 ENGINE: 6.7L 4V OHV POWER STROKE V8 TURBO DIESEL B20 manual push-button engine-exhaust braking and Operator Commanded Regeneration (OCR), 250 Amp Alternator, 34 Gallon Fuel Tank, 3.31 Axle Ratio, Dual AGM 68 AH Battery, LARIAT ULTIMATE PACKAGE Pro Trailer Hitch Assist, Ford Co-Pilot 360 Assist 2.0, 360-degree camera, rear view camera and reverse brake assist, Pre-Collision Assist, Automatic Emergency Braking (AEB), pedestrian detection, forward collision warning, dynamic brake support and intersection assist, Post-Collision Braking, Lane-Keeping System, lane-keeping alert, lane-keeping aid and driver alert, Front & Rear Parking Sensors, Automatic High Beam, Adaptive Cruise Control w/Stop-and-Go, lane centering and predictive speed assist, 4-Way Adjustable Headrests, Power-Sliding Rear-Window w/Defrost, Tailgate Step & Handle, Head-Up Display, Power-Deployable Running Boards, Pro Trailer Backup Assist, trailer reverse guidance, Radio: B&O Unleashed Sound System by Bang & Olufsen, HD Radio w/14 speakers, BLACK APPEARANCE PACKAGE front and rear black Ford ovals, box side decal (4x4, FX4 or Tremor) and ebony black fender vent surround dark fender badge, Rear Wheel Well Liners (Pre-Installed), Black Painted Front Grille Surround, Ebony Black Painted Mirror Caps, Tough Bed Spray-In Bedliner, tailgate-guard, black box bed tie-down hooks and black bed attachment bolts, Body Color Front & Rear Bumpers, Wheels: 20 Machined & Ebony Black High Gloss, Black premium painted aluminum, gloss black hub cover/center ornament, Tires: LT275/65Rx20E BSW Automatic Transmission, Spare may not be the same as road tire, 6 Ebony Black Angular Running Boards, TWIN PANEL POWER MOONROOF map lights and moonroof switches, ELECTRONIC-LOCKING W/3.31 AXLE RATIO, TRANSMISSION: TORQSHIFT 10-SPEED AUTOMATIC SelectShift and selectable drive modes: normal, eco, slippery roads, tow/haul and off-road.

--

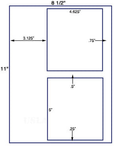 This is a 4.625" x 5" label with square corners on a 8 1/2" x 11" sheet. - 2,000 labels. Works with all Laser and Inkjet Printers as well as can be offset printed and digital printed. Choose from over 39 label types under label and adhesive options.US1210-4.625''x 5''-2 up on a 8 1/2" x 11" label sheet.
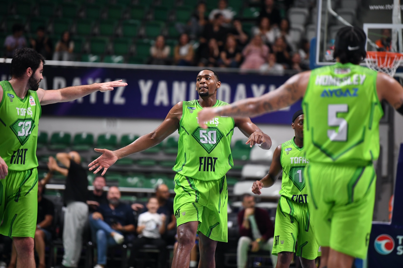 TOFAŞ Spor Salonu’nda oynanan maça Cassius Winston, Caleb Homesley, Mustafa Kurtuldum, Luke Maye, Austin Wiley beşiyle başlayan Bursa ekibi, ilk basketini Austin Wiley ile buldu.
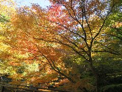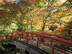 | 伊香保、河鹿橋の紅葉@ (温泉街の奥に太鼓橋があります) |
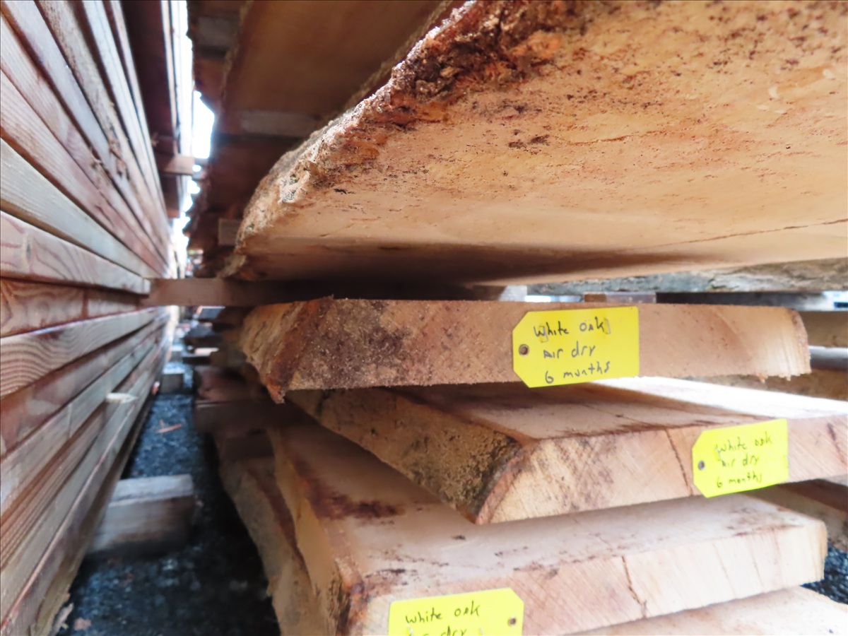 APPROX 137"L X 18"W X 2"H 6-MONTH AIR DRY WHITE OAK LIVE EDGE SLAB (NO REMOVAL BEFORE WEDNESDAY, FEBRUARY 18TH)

==

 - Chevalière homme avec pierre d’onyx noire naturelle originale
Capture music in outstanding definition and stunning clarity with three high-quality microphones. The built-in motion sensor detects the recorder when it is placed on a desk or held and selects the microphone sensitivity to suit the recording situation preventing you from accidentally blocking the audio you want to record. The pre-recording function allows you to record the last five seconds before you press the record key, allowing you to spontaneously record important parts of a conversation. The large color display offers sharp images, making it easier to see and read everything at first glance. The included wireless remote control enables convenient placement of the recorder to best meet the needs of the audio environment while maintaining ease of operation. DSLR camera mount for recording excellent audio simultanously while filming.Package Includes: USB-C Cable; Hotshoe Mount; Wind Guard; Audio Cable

### [YOUR OBJECTIVE]
Though the entries above contain pictures, none should be copied; reproduce only the lines between the one holding "label with square" and the one holding "WEDNESDAY, FEBRUARY 18TH)", inclusive, exactly as written.

### [RESULT FOR THIS EXERCISE]
 This is a 4.625" x 5" label with square corners on a 8 1/2" x 11" sheet. - 2,000 labels. Works with all Laser and Inkjet Printers as well as can be offset printed and digital printed. Choose from over 39 label types under label and adhesive options.US1210-4.625''x 5''-2 up on a 8 1/2" x 11" label sheet.
 TOFAŞ Spor Salonu’nda oynanan maça Cassius Winston, Caleb Homesley, Mustafa Kurtuldum, Luke Maye, Austin Wiley beşiyle başlayan Bursa ekibi, ilk basketini Austin Wiley ile buldu.
 | 伊香保、河鹿橋の紅葉@ (温泉街の奥に太鼓橋があります) |
 APPROX 137"L X 18"W X 2"H 6-MONTH AIR DRY WHITE OAK LIVE EDGE SLAB (NO REMOVAL BEFORE WEDNESDAY, FEBRUARY 18TH)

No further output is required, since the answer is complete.